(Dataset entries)
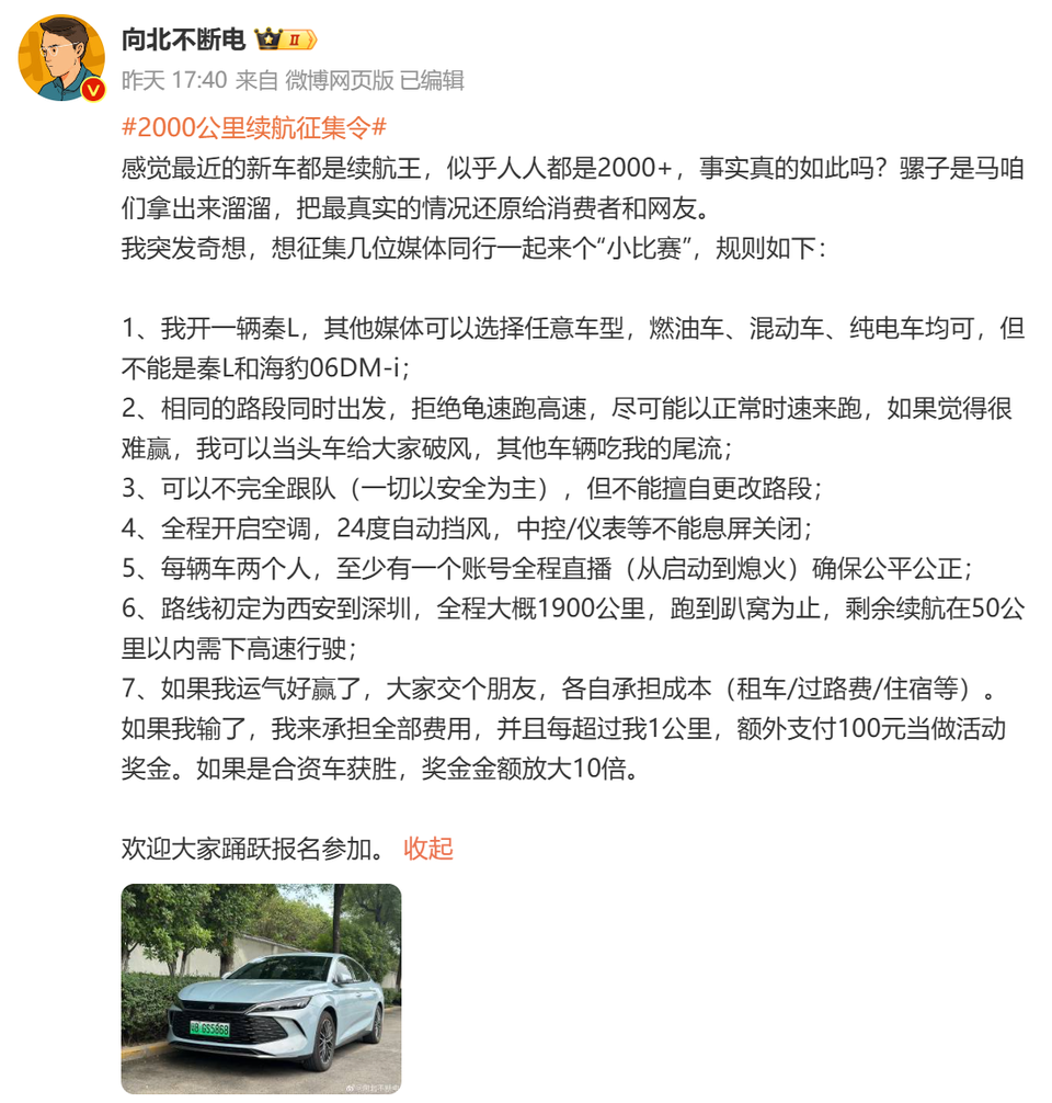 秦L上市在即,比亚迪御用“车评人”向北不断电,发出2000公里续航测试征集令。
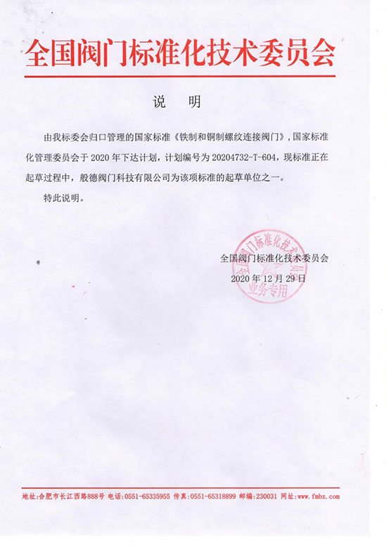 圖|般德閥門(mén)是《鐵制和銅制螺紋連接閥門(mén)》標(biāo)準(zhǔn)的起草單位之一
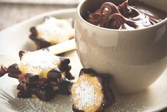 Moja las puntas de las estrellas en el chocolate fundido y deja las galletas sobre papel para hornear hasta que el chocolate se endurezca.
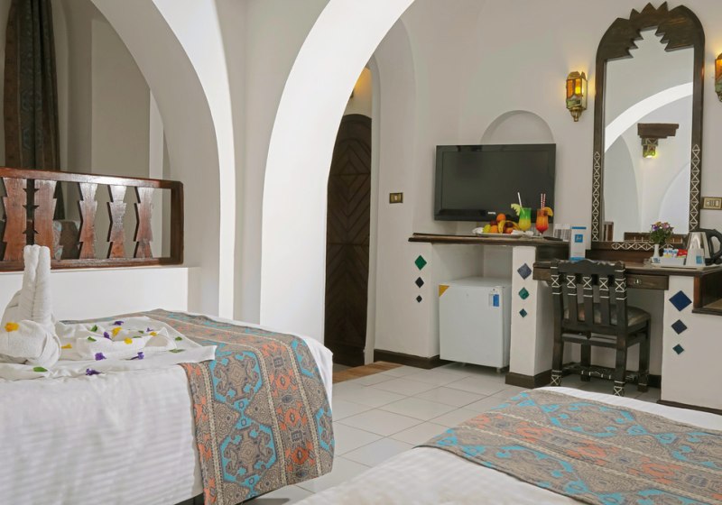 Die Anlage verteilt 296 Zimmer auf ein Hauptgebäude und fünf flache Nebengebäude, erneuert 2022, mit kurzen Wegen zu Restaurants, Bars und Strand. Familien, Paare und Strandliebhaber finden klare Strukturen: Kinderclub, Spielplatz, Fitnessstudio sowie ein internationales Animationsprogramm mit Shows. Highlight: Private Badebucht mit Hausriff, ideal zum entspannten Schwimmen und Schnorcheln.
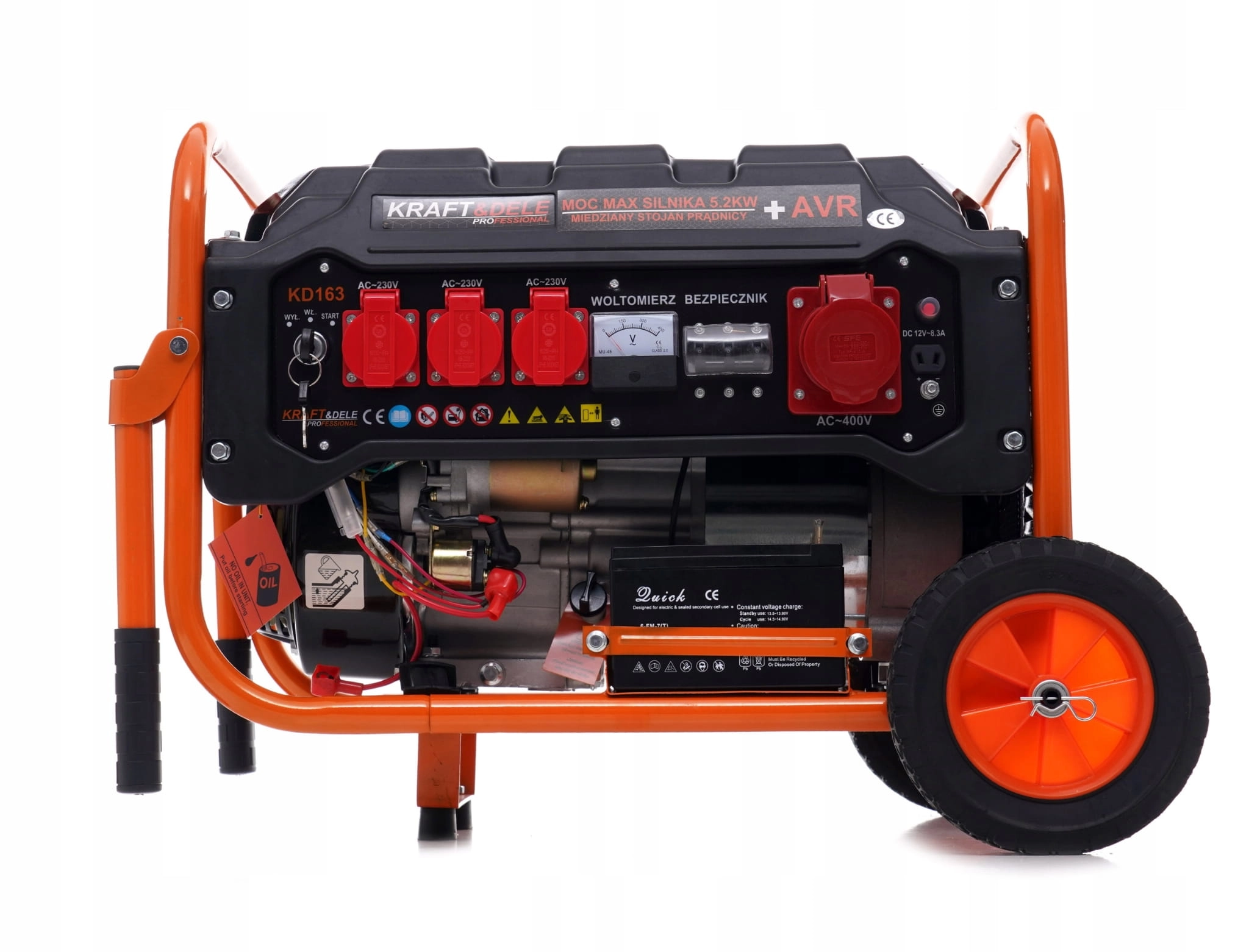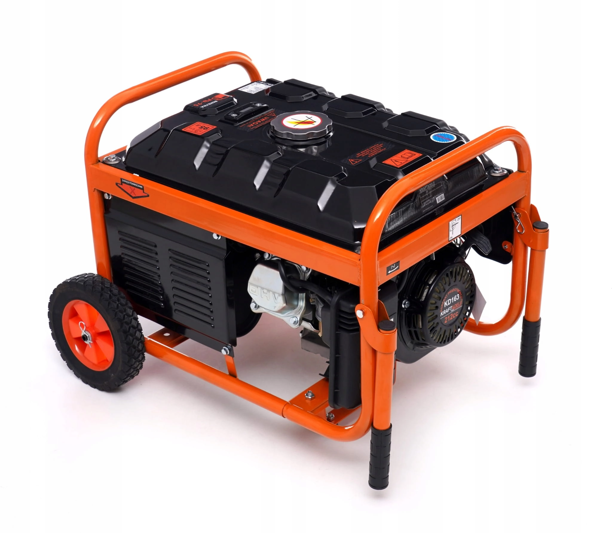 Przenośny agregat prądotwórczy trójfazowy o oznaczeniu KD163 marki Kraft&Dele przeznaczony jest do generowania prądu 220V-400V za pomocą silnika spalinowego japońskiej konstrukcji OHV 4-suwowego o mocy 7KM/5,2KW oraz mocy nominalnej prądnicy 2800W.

> **The task**:
Set the preceding data down again word for word, omitting images.

> **Reply**:
 秦L上市在即,比亚迪御用“车评人”向北不断电,发出2000公里续航测试征集令。
 圖|般德閥門(mén)是《鐵制和銅制螺紋連接閥門(mén)》標(biāo)準(zhǔn)的起草單位之一
 Moja las puntas de las estrellas en el chocolate fundido y deja las galletas sobre papel para hornear hasta que el chocolate se endurezca.
 Die Anlage verteilt 296 Zimmer auf ein Hauptgebäude und fünf flache Nebengebäude, erneuert 2022, mit kurzen Wegen zu Restaurants, Bars und Strand. Familien, Paare und Strandliebhaber finden klare Strukturen: Kinderclub, Spielplatz, Fitnessstudio sowie ein internationales Animationsprogramm mit Shows. Highlight: Private Badebucht mit Hausriff, ideal zum entspannten Schwimmen und Schnorcheln.
 Przenośny agregat prądotwórczy trójfazowy o oznaczeniu KD163 marki Kraft&Dele przeznaczony jest do generowania prądu 220V-400V za pomocą silnika spalinowego japońskiej konstrukcji OHV 4-suwowego o mocy 7KM/5,2KW oraz mocy nominalnej prądnicy 2800W.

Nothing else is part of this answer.